Но когда мы добрались до Гаваны, она оказалась не столичным городом, а захолустным городком, причем маленьким. Там имелась каменная крепость, местами еще недостроенная, и несколько каменных церквей. Все прочие здания были деревянными, грубо сколоченными. Несколько улиц вымощены булыжником, но большинство просто грунтовые. Повсюду мусор, помои и конский навоз. В огромном количестве. Когда мы подъехали к рынку, я помог разгрузить фургон и распрощался с фермером.
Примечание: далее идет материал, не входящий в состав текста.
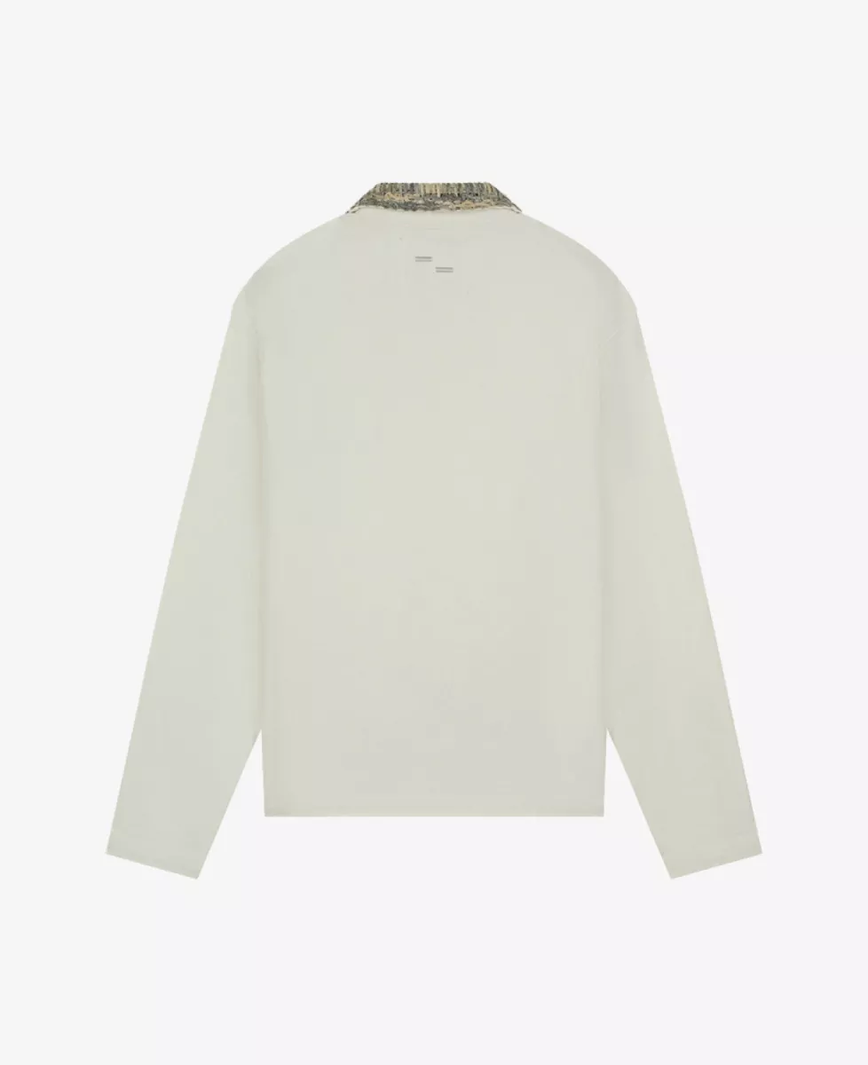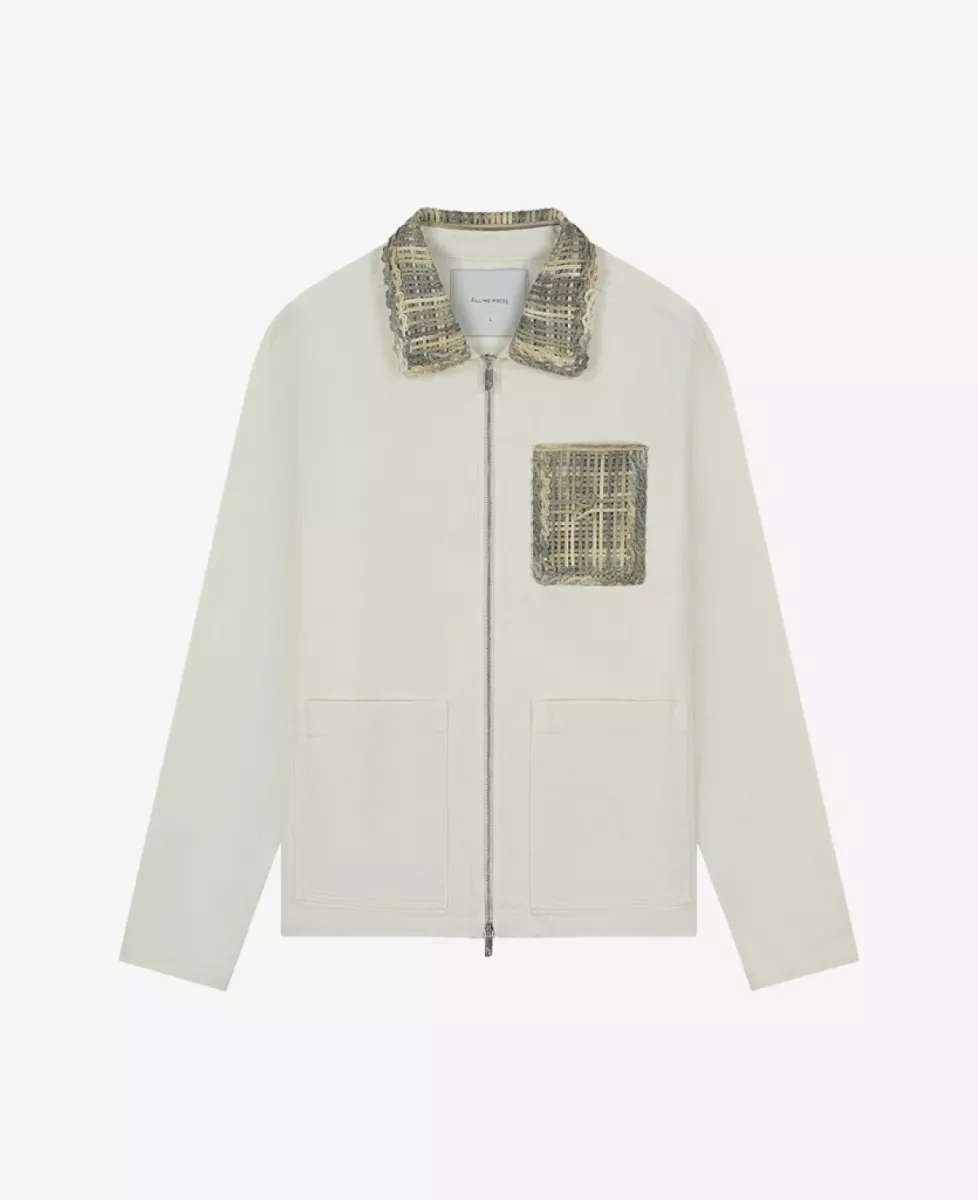 Worker Jacket ‘Panier’ van Filling Pieces in ecru. De kraag en borstzak zijn vervaardigd met een custom ‘Gowtu Raffia’-weefsel.
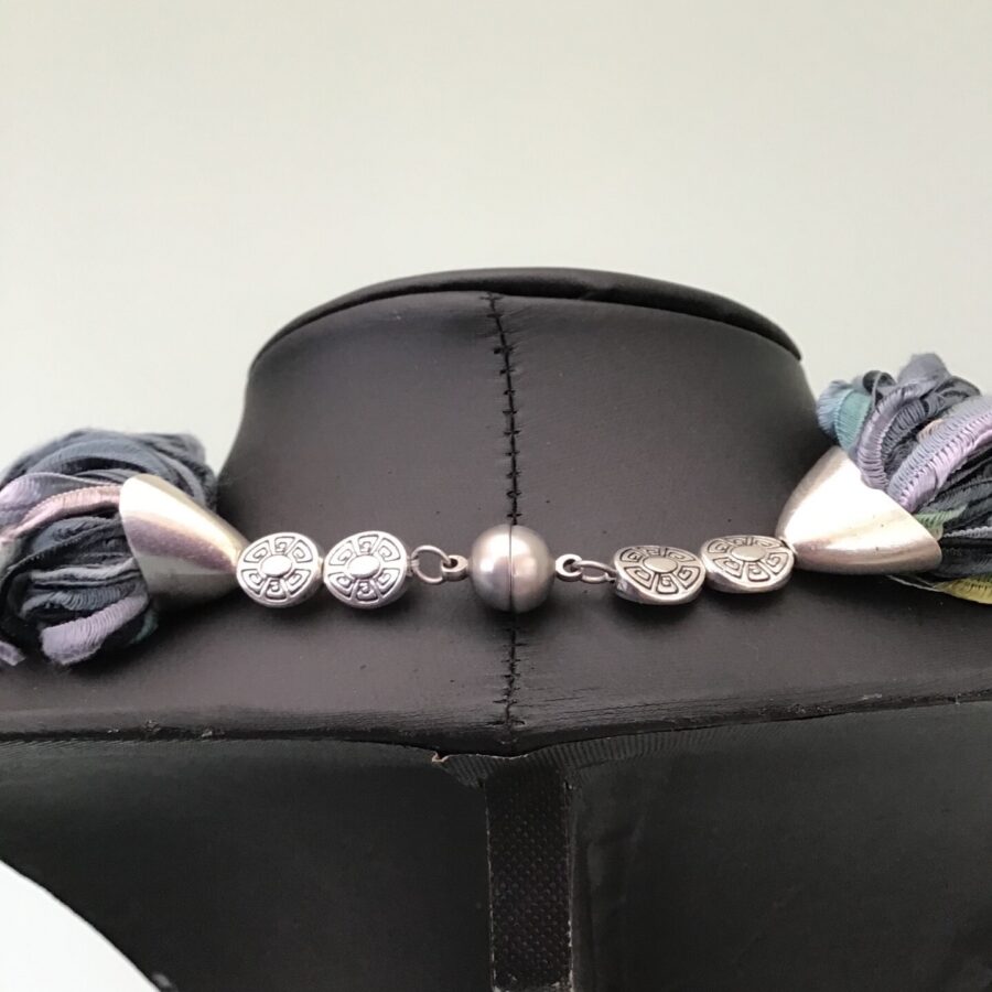Twisted Scarves are designed to sit softly just below the neckline. Twist by holding the bead caps at the ribbon ends to create the desired length and shape. Open the magnet by holding adjacent beads and gently pull. The magnetic clasps are nickel free. Ideal to wear to compliment any outfit or to match your shoes or handbag etc to complete your desired look. Easy to wear and so suitable for anyone who struggles to fasten necklaces etc due to arthritis or other medical conditions.
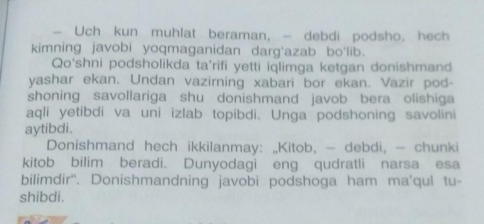 Царь сказал: «Я дам тебе три дня». В соседнем королевстве жил мудрец, определение которого было семь иглимов. Министр об этом знал. Министр понял, что этот мудрец может ответить на вопросы царя, и разыскал его. Он сказал ему вопрос короля. Мудрец без колебаний сказал: «Книга», потому что книга учит. И самая могущественная вещь в мире - это знание ». Ответ мудрого человека тоже понравился царю.
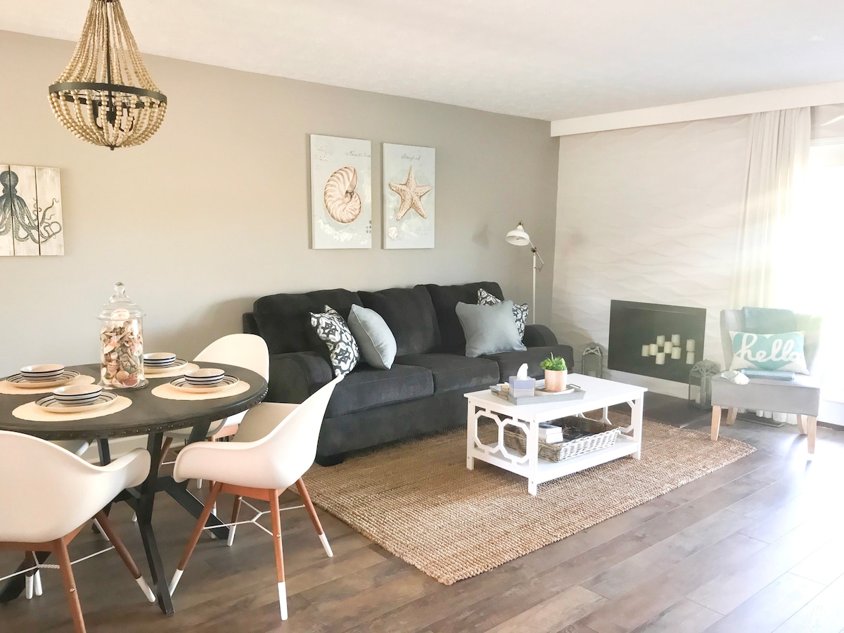 A modern coastal style and freshly renovated condo located in beautiful Bloomington Indiana less than one mile from Lake Monroe. The ground floor cozy condo sits on the 18th hole of our gated community. Amenities include a king size bed, queen size bed and Ashley queen sleeper sofa, fast unlimited WiFi internet and a 50" 4K LED TV with Hulu Live. Perfect for football and basketball games, parents weekends and visits to gorgeous Lake Monroe.
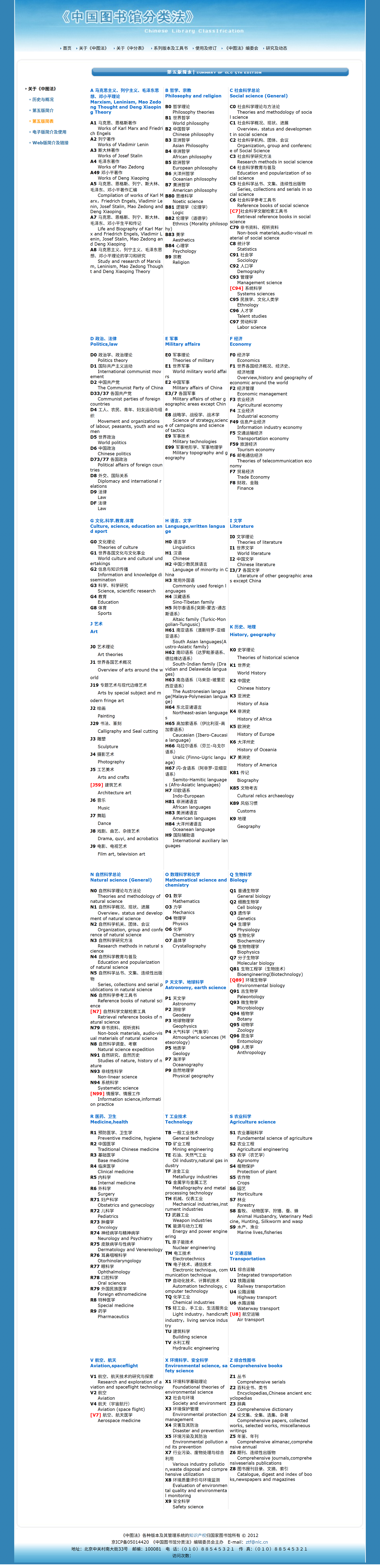 - 《中国图书馆分类法》附加的《ZT 通用概念》和《ZY 附表》数据来源于 汉语主题词表服务系统
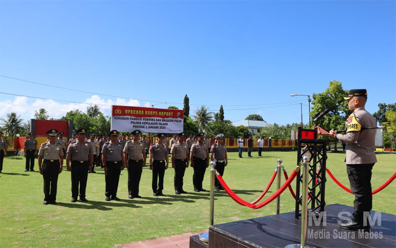 MahesaMediaCenter, Talaud – Polres Kepulauan Talaud menggelar Upacara Korps Raport Kenaikan Pangkat { Kenkat } Perwira dan Brigadir Polri Polres Kepulauan Talaud Periode 1 Januari 2024, Jumat (29/12/2023) di Halaman Mapolres.

От съестных прилавков на рынке распространялся аппетитнейший запах. Я отправился на поиски нашего дома, надеясь застать отца и обдумывая возможные способы проникнуть в жилище на тот случай, если он отсутствует. Мы обретались в восточном районе города, но когда я добрался дотуда, нашего дома там не оказалось. Там вообще не было никаких домов, только поля кукурузы и сахарного тростника. В полной уверенности, что сбился с дороги, я двинулся сначала на север и дошел до самого взморья, потом проделал немалый путь в южном направлении и так далее. Можете себе представить.
Но нашего дома я так и не нашел. Тогда я решил, что существуют две Гаваны. Или, возможно, столицу переименовали, а ее прежнее название отдали этому городишке.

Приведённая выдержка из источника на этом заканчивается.